After all outlets were collected samples were centrifuges at 800g for 5 min and supernatant was removed. Then Pure™ DNA Extraction Kit was used according to the manufacturer’s protocol. Briefly, 155 µL of digestion buffer was added to the lyophilized proteinase K and resuspended by pipetting up and down for at least 20 times. One fifty microliters of that solution was added to the cell pellets of every outlet and incubated at 65 °C for at least 3 h. After incubation, Ampure XP beads with a 1.2x ratio (v/v) was added and DNA was isolated according to the manufacturer’s protocol. Briefly, samples were under rotation for 10 min prior to magnetic separation of beads and discard of the supernatant. Then 80% ethanol was added to the tube, with samples still in the magnetic rag, and incubated for 30 s before discarding the supernatant. This process was repeated twice and then 11 microliters of water were added to the beads and resuspended. Samples were incubated for 10 min prior to collection of DNA, 10 microliters total, that was either used immediately or store at −20 °C. ddPCR was performed using the ddPCR™ KRAS G12/G13 Screening Kit #1863506 (Bio-Rad Laboratories, CA). Droplets were generated with the Auto Droplet Generator (Bio-Rad Laboratories, CA) and measured on the QX200TM Droplet Reader (Bio-Rad Laboratories, CA). PCR parameters were set according to manufacturer recommendations, 95 °C for 10 min, followed by 40 cycles of 94 °C for 30 s and 55 °C for 1 min, followed by 10 min of 98 °C. Mutant and wild-type KRAS thresholds were set to ≥ 99% of mutant (A549 cell line) and wild-type (A375 cell line) controls were positive and 100% of blanks were negative.

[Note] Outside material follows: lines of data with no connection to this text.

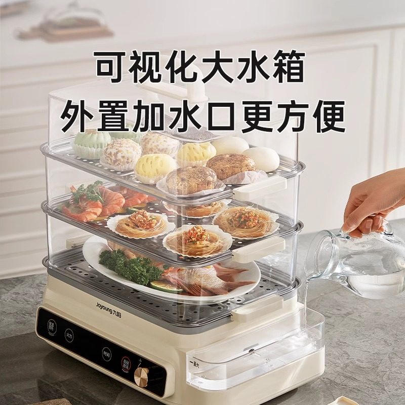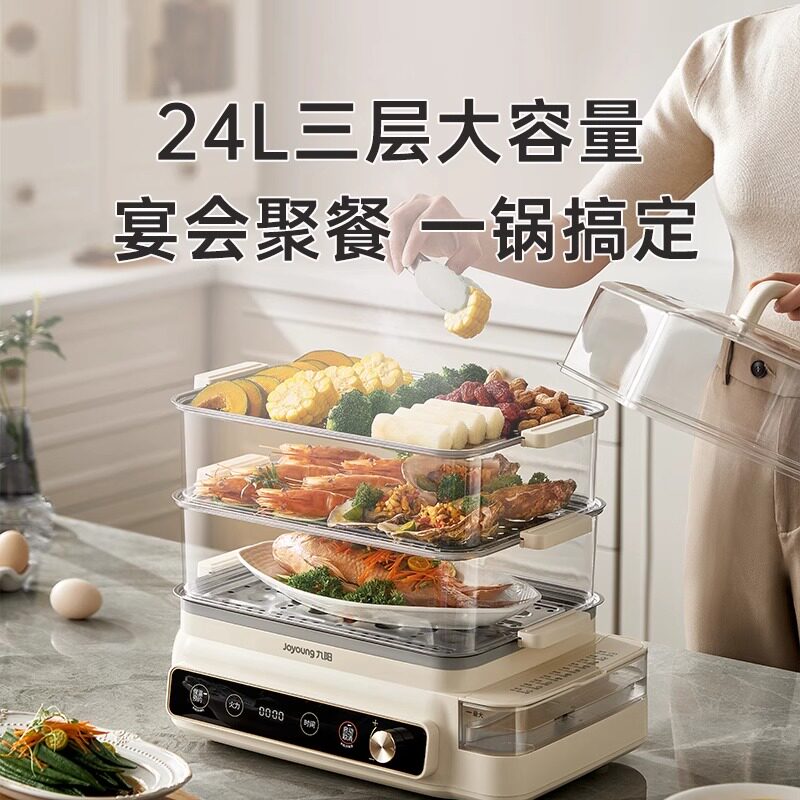 九阳电蒸锅多功能家用三层不锈钢大容量定时蒸箱早餐机一体机新款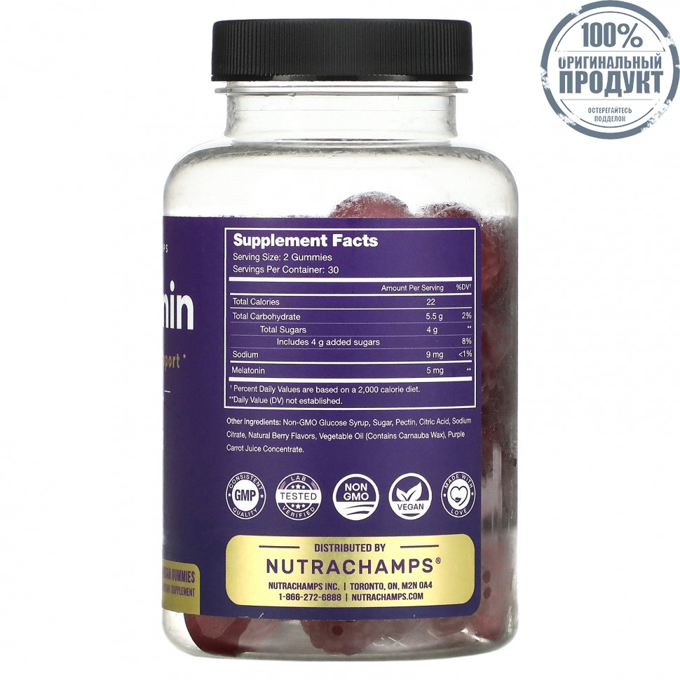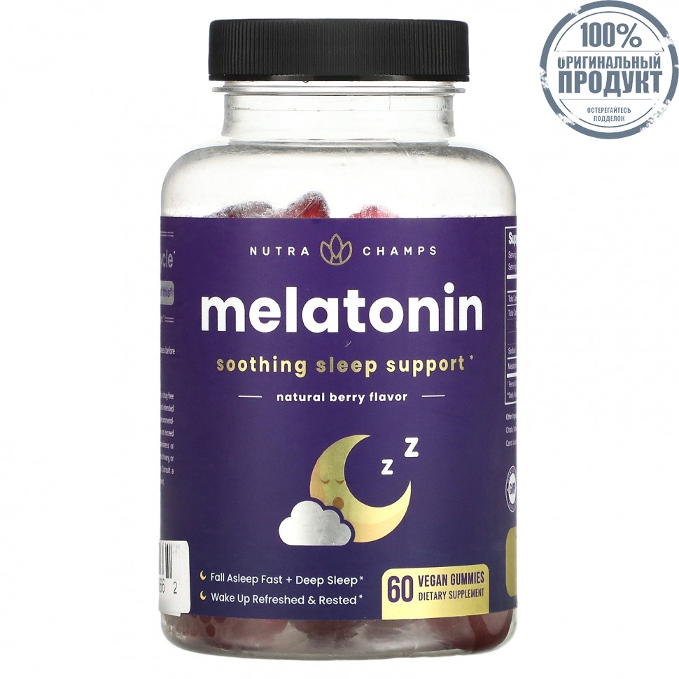 NutraChamps, Мелатонин, натуральные ягоды, 60 веганских жевательных таблеток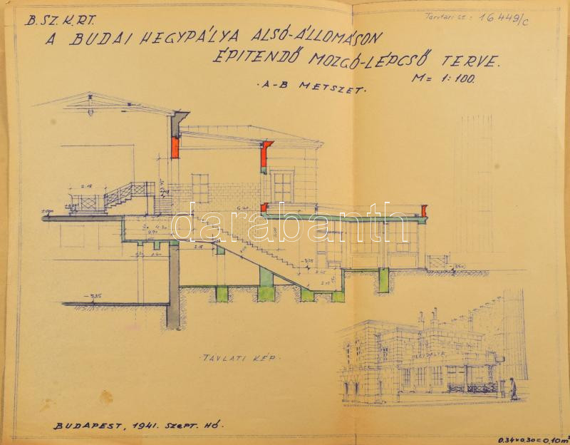 1931 Bp., a Budai Várban építendő személyszállító lift és páternoszter tervrajzai, a Ganz és Társa cég által készített 3 db hivatalos tervrajz, lapszéli sérülésekkel, 35x38 cm és 61x42 cm között + 1941-1942 A BSZKRT Budai Hegypálya (Budavári sikló) alsó-állomáson építendő mozgólépcső 2 db tervrajza (30x34 cm és 42,5x80 cm), valamint a Wertheim F. és Társa Utóda Magyar Felvonó- és Gépgyár R.T. tájékoztató ajánlata a mozgólépcső kiépítésére, 6 p.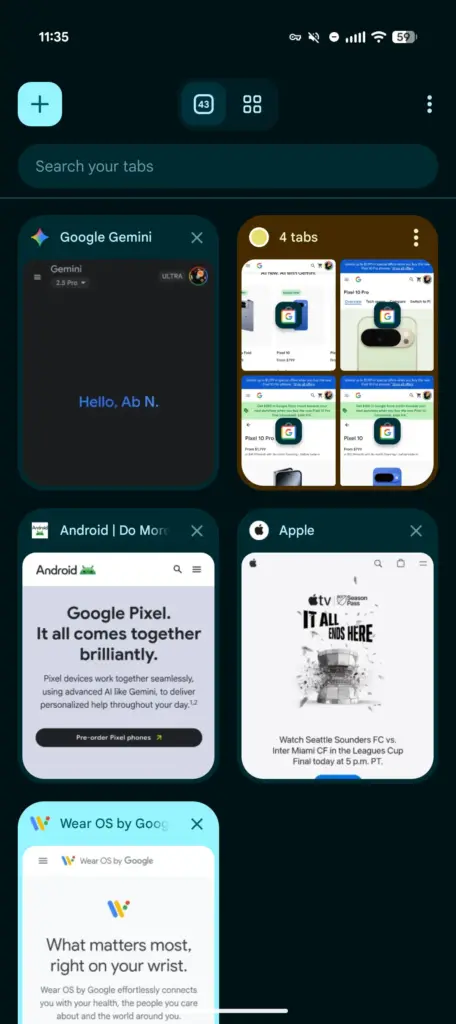 Ebenso erhalten die Tab-, Inkognito- und Gruppen-Schalter eigene visuelle Container, die das aktuelle Segment klar markieren. Besonders auffällig: Tab-Gruppen übernehmen die Akzentfarbe des Systems – so erkennt man sofort, welche Gruppe gerade aktiv ist. Diese Dynamik orientiert sich am Material-You-Prinzip, das auf Android seit Version 12 zum Markenzeichen geworden ist.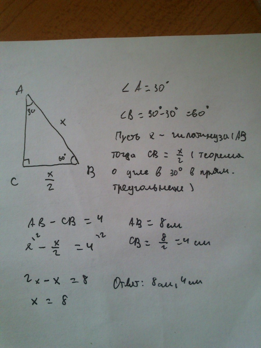 Один з кутів прямокутного трикутника =30°, а сума гіпотенузи та найменшого з катетів =30см. Знайдіть гіпотенузу трикутника.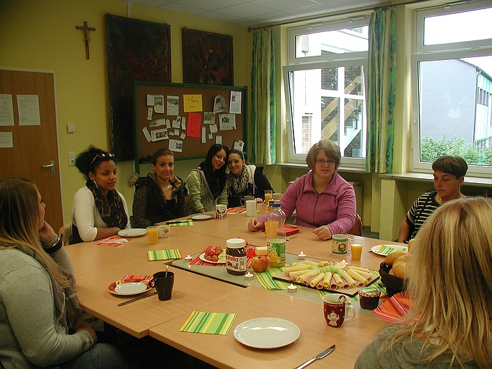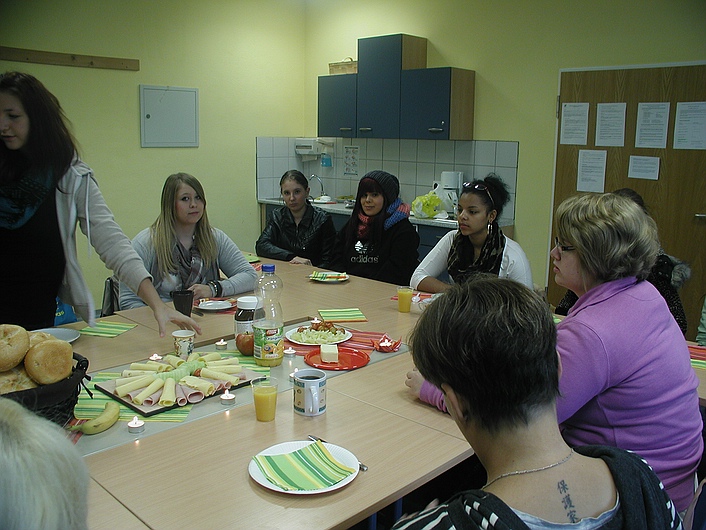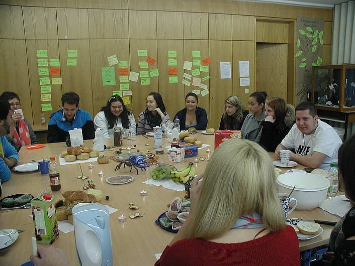 Dass beide Klassen in ihren Planungen sehr erfolgreich waren, zeigte dann das „fertige Frühstücksbuffet“, zu dem alle Mitschüler und Klassenleiter herzlich eingeladen waren. Neben den knackigen frischen Semmeln gab es Marmelade mit Butter, Käse und Wurst sowie Tomaten und Gurken aus den Gärten der Schülerinnen. Auch an frisches Obst und liebevolle, herbstliche Deko wurde gedacht. So brannten die Teelichter auf herbstfarben gefalteten Servietten oder furchterregende Herbstgeister blinzelten mit ihren hellen Augen auf den Tischen.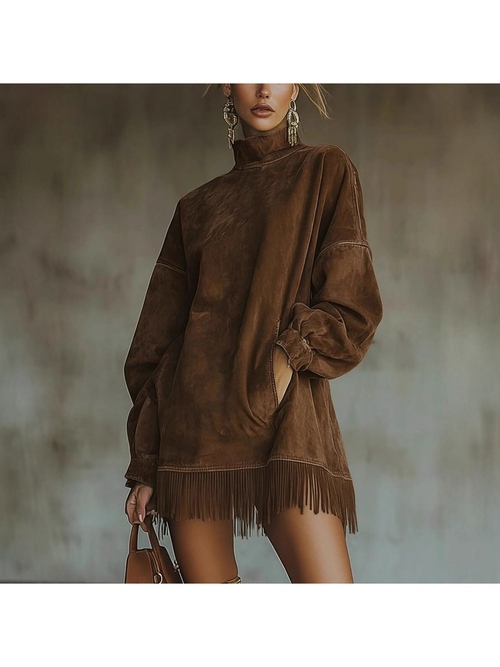 Bohemian Winter Dress with Suede Fringe Hem & Pockets - High Neck Long Sleeve Elegant Loose Fit Dress, 3D Tailored Silhouette for Weddings, Parties, Daily Wear - Machine Washable Autumn Dress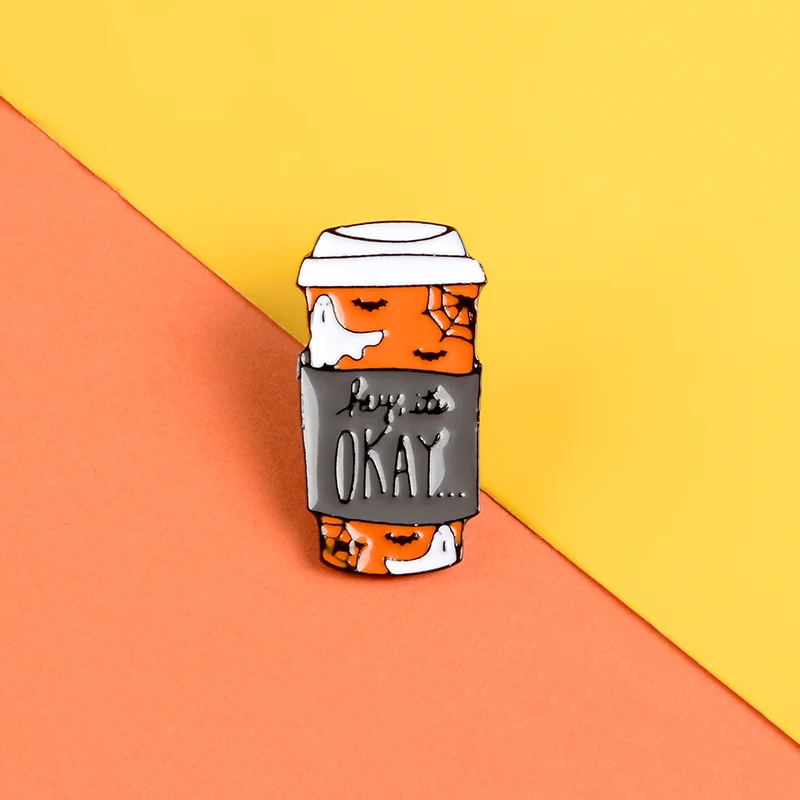 Значок эмалированный Счастливого Хэллоуина, кофейный, лунный, призрак, тыква, брошь в виде зонтика, для рюкзака, одежды, Забавный значок, ювелирное изделие, подарок

Statistics and reproducibility

For Fig. 3c and Supplementary Fig. 3, Unpair t test was performed to determine significance levels using Prism version 9.0 (GraphPad), P values are indicated by asterisks; P ≤ 0.05 (*) and P ≤ 0.0001 (****). For Fig. 3d, Fisher’s exact test was performed to determine significance levels using Prism version 9.0 (GraphPad); P = 0.048.

Reporting summary

Further information on research design is available in the Nature Research Reporting Summary linked to this article.